Logorrhea wordt gekenmerkt door de constante behoefte om te praten. Af en toe kunnen patiënten die aan logorroe lijden, spraak produceren met een normale prosodie en een enigszins hoge spreeksnelheid. Andere gerelateerde symptomen zijn onder meer het gebruik van neologismen (nieuwe woorden zonder duidelijke afleiding, bijv. Hipidomateous voor nijlpaard), woorden die geen duidelijke betekenis hebben en, in sommige extreme gevallen, het creëren van nieuwe woorden en morfosyntactische constructies. Uit de ‘stroom van ongecontroleerde onzin die vaak onder druk staat en het gebrek aan zelfcorrectie’ die de patiënt kan vertonen, en hun omschrijving (het vermogen om rond ontbrekende woorden te praten), kunnen we concluderen dat ze zich niet bewust zijn van de grammaticale fouten die ze maken .

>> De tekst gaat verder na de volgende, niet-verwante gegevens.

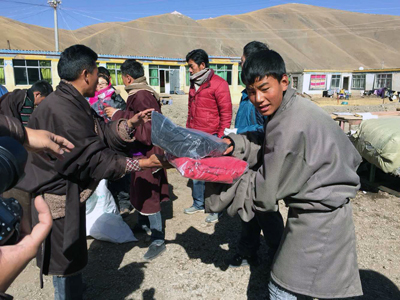 經(jīng)過(guò)一千多公里的高原旅途,平均海拔4500米,一路與懸崖和雪山相伴……10日晚,西部溫暖計(jì)劃一行人在太陽(yáng)落山前,終于趕到了石渠剛金職業(yè)救助學(xué)院。11日上午,四川甘孜州石渠縣成為首批30噸募集物資發(fā)放的第一站。首個(gè)發(fā)放地點(diǎn)就設(shè)在剛金職業(yè)救助學(xué)院,受益區(qū)域覆蓋周邊三萬(wàn)余人。
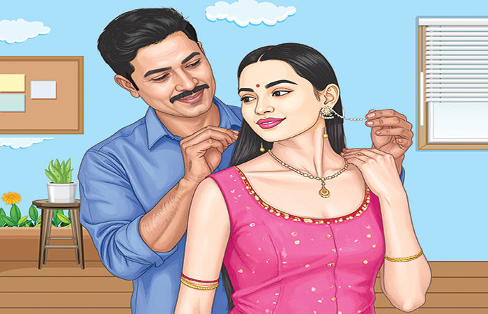 જેવો તારો હુકમ...... કહીને પ્રકાશ પ્રતિભાની પીઠ પાછળ ગોઠવાઇ ગયો. એણે થોડીવાર સુધી પત્નીની પીઠ પ્રેમથી પસવારે રાખી અને પછી એના કાનમાં એરીંગ પહેરાવી દીધાં.. જીરુ, સાચુ કહેજે મને નવા એરીંગ કેવા છે.

Voorbeelden van logorrheaEdit
Wanneer een arts zegt: “vertel me wat ik met een kam moet doen”, tegen een patiënt die lijdt aan Wernicke’s afasie die het symptoom van logorrhea, kan de patiënt antwoorden:
“Wat moet ik doen met een kam … wat ik doe met een kam? Nou, een kam is een gebruiksvoorwerp of zoiets dat kan worden gebruikt voor het ordenen en herschikken van het haar op het hoofd, zowel door mannen als door vrouwen. Je zou er ook muziek mee kunnen maken door er een stuk papier achter te steken en er doorheen te blazen. Soms kan het in de kunst worden gebruikt – in de beeldhouwkunst, bijvoorbeeld om een reeks lijnen te maken in zachte klei. Het is meestal gemaakt van plastic en meestal zwart, hoewel het in andere kleuren verkrijgbaar is. Het wordt in de zak gedragen of totdat het nodig is, wanneer het eruit wordt gehaald en gebruikt, en vervolgens weer in de zak wordt gestopt. Is dat wat u in gedachten had? ”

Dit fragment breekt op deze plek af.